Market Opportunity in Surprising Places


Sean Becketti
Vice President, Chief Economist
Head of Economics and Research Department, Freddie Mac


At the end of 2015, most forecasters predicted the Federal Reserve would increase short-term interest rates four times in 2016. And, as a consequence, the consensus predicted an increase in mortgage rates and a drop in mortgage originations, especially for refinances. Events this year proved the forecasters wrong. The Federal Reserve has been on hold throughout 2016, and 30-year mortgage rates have dropped 60 basis points. In fact, mortgage rates approached all-time lows in July 2016 thanks to the Brexit vote in the UK. We expect the 30-year mortgage rate to end 2016 at 3.6 percent and to average only 3.7 percent in 2017. These “lower for longer” mortgage rates have generated a surge both in home purchases and in refinances of existing mortgages. As a result, we’re projecting a $2 trillion market in mortgage originations in 2016, with a modest slowdown to $1.7 trillion in 2017.

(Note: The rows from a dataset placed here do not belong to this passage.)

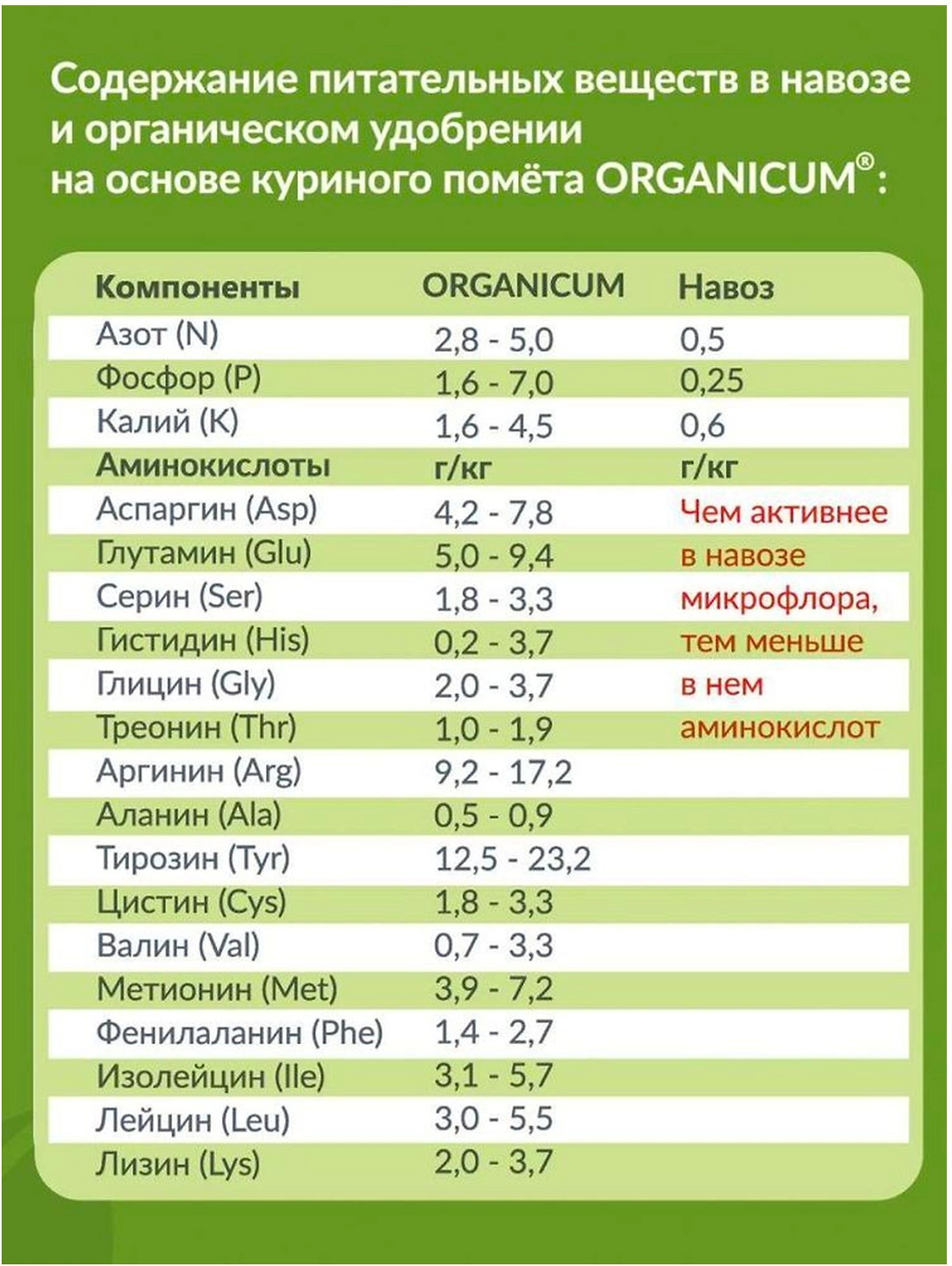Комплексное концентрированное универсальное органическое удобрение НОВОГО ПОКОЛЕНИЯ ORGANICUM c уникальной дозой внесения 50 грамм на 1 м.кв. Содержимого ведерка весом 0,7 кг хватит для внесения примерно на 14 м.кв грунта или 45 лунок. Содержит следующие полезные и питательные вещества: азот, фосфор, калий, аспаргин, глутамин, серин, гистидин, глицин, треонин, аргинин, аланин, тирозин, цистин, валин, метионин, фенилаланин, изолейцин, лейцин, лизин. В форме — гранул, толщиной 6 мм. Безвредно и безопасно. Удобрение вносится сплошным способом для моркови, свеклы, кабачков, картофеля, кустарников, плодовых деревьев, газонных трав, и луночным способом для томатов, огурцов, перца.
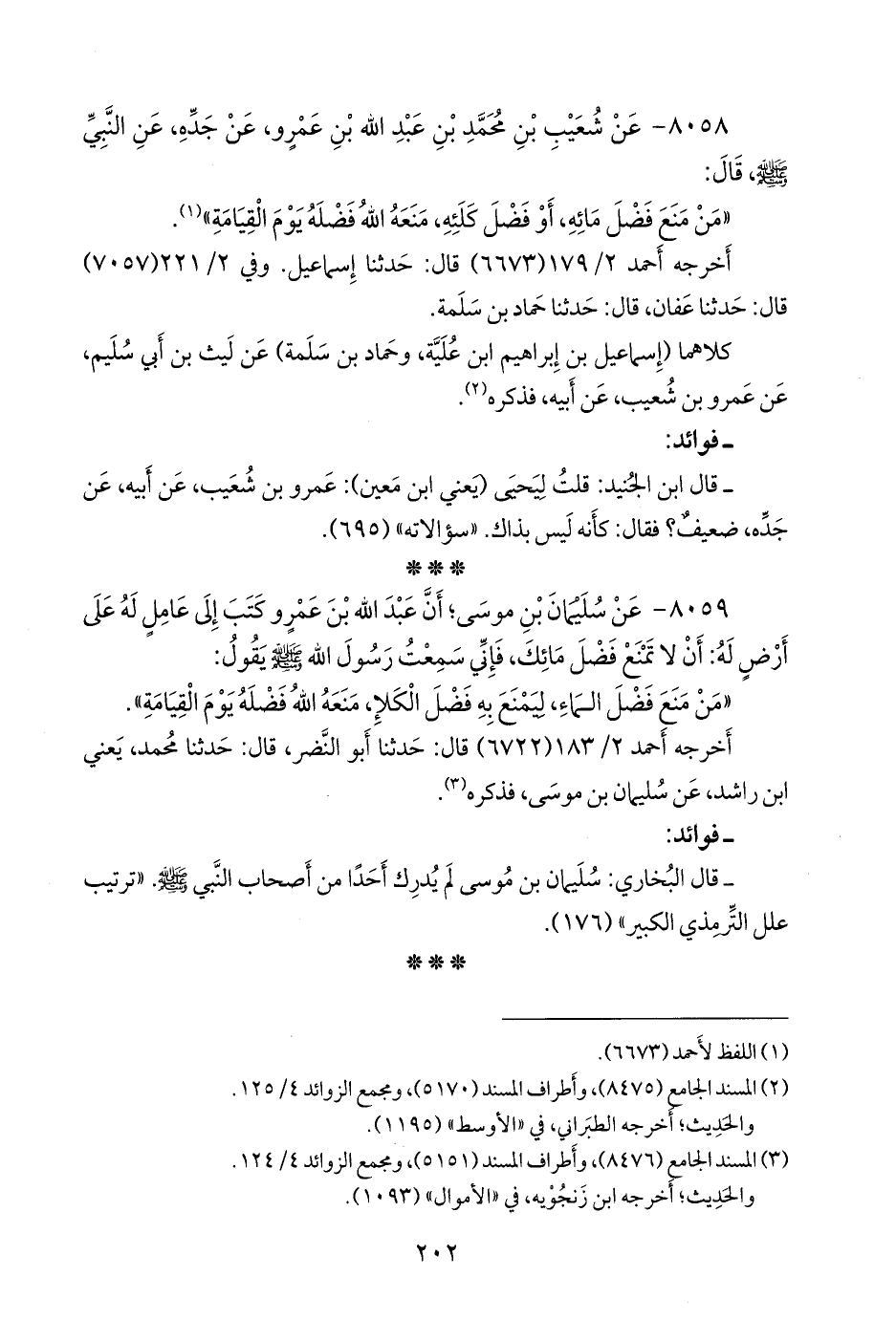٨٠٥٩ - عن سليمان بن موسى؛ أن عبد الله بن عَمرو كتب إلى عامل له على أرض له: أن لا تمنع فضل مائك، فإني سمعت رسول الله صَلى الله عَليه وسَلم يقول:
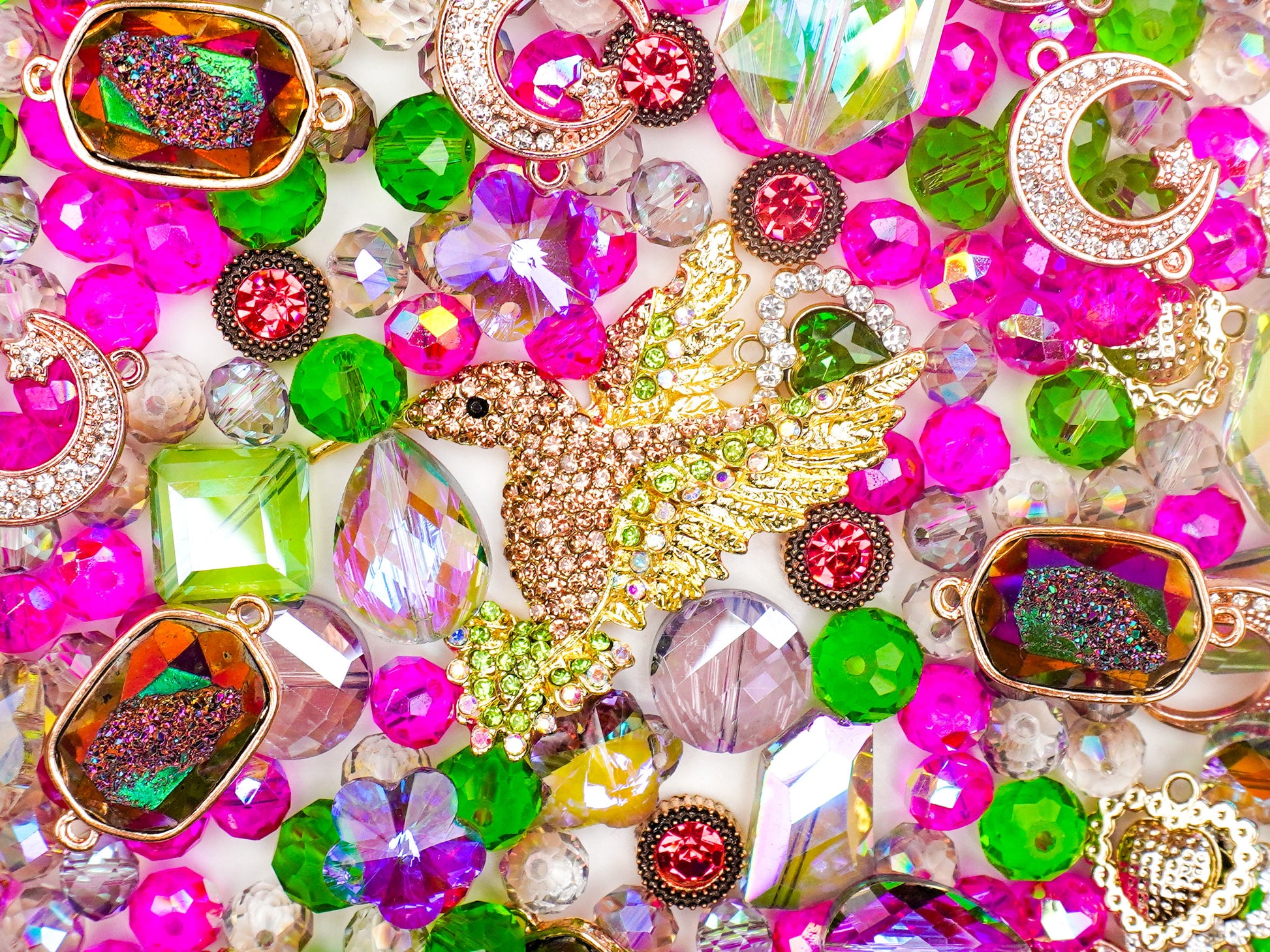 The iridescent geometric gems give it that sugary, candy-coated finish perfect for your next DIY project. Whether you’re planning a festival fit or just love that tropical retro aesthetic, this mix is a total mood booster.
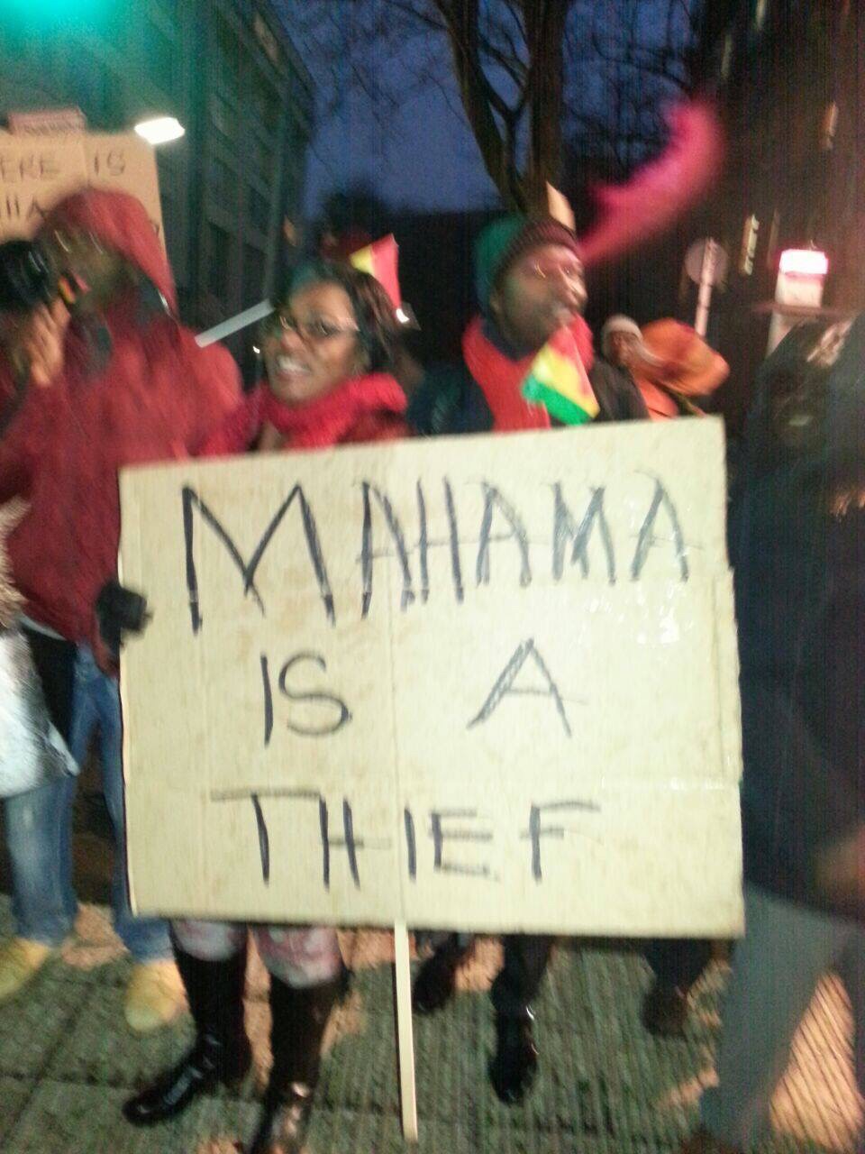 The prostestors, who were holding placards with inscriptions attacking the president’s leadership style, were demonstrating against what they described as the mismanagement of the country’s affairs by the Mahama administration .

The combination of ultra-low mortgage rates and a limited supply of homes for sale has fueled rapid house price growth. The data suggest home buyers are stretching further to buy a house. Our preferred measure is the ratio of house prices to family income. At the end of 2015, house-price-to-income (PTI) ratios were unusually high by historical standards in 20 percent of the fifty largest metros. Just two quarters later, the share of metros with high PTIs had risen to 30 percent.

When mortgage rates finally stabilize and increase, as they inevitably will, house price appreciation will naturally moderate. Higher mortgage rates will make the monthly payments on home purchases out of reach for some buyers, and refinance volume will drop off. Instead of straining to cope with the volume of business, industry stakeholders will be searching for pockets of opportunity. We think one of those pockets will be among the 55+ population.

The impact of the 55+ age population
Older Americans—those age 55 and older—comprise a quarter of the population, but control two-thirds of the housing equity in the U.S. And for most of these households, their home is their largest asset. Their numbers and housing wealth guarantee that the housing decisions of older homeowners will play an outsized role in shaping the housing opportunities available to the generations that follow them — Gen X and the massive Millennial generation. The influence of the 55+ age population will last a long time; today’s 65-year-old can expect to live until age 84 on average. With a longer life span and ample wealth, many older homeowners may buy and sell several more homes before they’re done.

To anticipate the impact of the 55+ age population on the nation’s housing, Freddie Mac commissioned a survey of older Americans on their attitudes toward their current and future housing options. The survey sample included 5,914 individuals 55 years or older with a subsample of 4886 homeowners. Here are some of the key findings.

  • Two-thirds of the homeowners are satisfied with their homes and communities and want to age in place.
  • However, many of those same homeowners are not sure they will be able to afford the retrofitting their homes will require as they grow older. Other studies indicate the remainder of our respondents may be underestimating the need for retrofitting.
  • Many respondents want to age in place but in a different place from their current residence. Over 70 percent of those who plan to move again say they are more likely to buy a house than rent. That suggests roughly 18 million 55+ homeowners may be shopping for another house in the coming years.
  • Surprisingly, downsizing is not a high-priority for the next move.
  • Another surprise—more than a third of the 55+ age population still have a mortgage and a majority of those have ten or more years left to pay on their mortgage.

Based on data from the American Community Survey, 51 percent of Arizona households that own their home have at least one household member over 60 years old. Considering the numbers, these factors are very relevant to the Arizona market.

In the short-to-medium term, mortgage rates will remain low, and housing activity will continue to grow. But even when rates stabilize and volume tapers off, the 55+ age population will remain active participants in the housing market.

Sean Becketti came to Freddie Mac from Flagstar Bank where he served as Senior Vice President and Head of Modeling & Analytics. Earlier, he headed up Fannie Mae’s applied research function where he led a 70-person team of modelers, analysts and developers. His experience also includes senior executive roles with Washington Mutual and Wells Fargo where he led research functions focused on mortgage markets and capital markets. Mr. Becketti previously worked at Freddie Mac from 1996 – 2001 in several senior financial and analytical roles. Earlier in his career, he served as senior economist with the Federal Reserve Bank of Kansas City and as an assistant professor of economics at UCLA.